Figure 11 Teaching points: These data were obtained using techniques that allow for the evaluation of the potency of apically versus basolaterally applied stimuli in triggering gut hormone release. From this data we can see that basolaterally (vascularly) applied bile acids (TDCA and TLCA) are more effective stimuli for GLP-1 release from intact ileal epithelium than when they are applied to the apical (luminal) surface. The blockade of bile acid transport from the luminal side significantly inhibits the GLP-1 response to TDCA, indicating that bile acids stimulate GLP-1 release predominantly postabsorption from the basolateral surface.
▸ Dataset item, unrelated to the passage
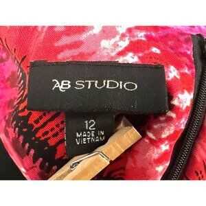 AB Studio Bold Pink Diamond Sheath Dress Size 12 Retro Style Sleeveless Geometri

Figure 12 Teaching points: Bile acid-stimulated gut hormone release is mediated by absorbed bile acids that are circulated to the gut epithelium. Here they bind the G_s-coupled GPCR, GPBAR1, which stimulates cAMP elevation and downstream PKA/Epac2 pathway activation. Another mechanism underlying bile acid-dependent gut hormone release proceeds by a currently uncharacterized mechanism stimulating extracellular calcium influx.

Figure 13 Teaching points: SCFAs are products of microbial fermentation, and include propionate, acetate, and butyrate and isovalerate. Enteroendocrine cells express GPCRs, which bind SCFAs. SCFA-stimulated signaling mechanisms are outlined in the formal figure legend. Other products of microbial metabolism include indole, a derivative of dietary tryptophan. Indole elicits both stimulatory and inhibitory effects on gut hormone release, depending on the length of time enteroendocrine cells are exposed to indole, as outlined earlier.

Figure 14 Teaching points: Enteroendocrine cells integrate signals from the brain as well as the periphery to regulate water balance in the body. The colon is a key site for water absorption. Both centrally derived AVP, and angiotensin II from the renin-angiotensin system inhibit anion secretion from the colon by stimulating PYY release from enteroendocrine cells. This is achieved through the activation of their cognate receptors expressed at the basolateral surface of PYY-producing enteroendocrine cells, as outlined earlier in the formal figure legend.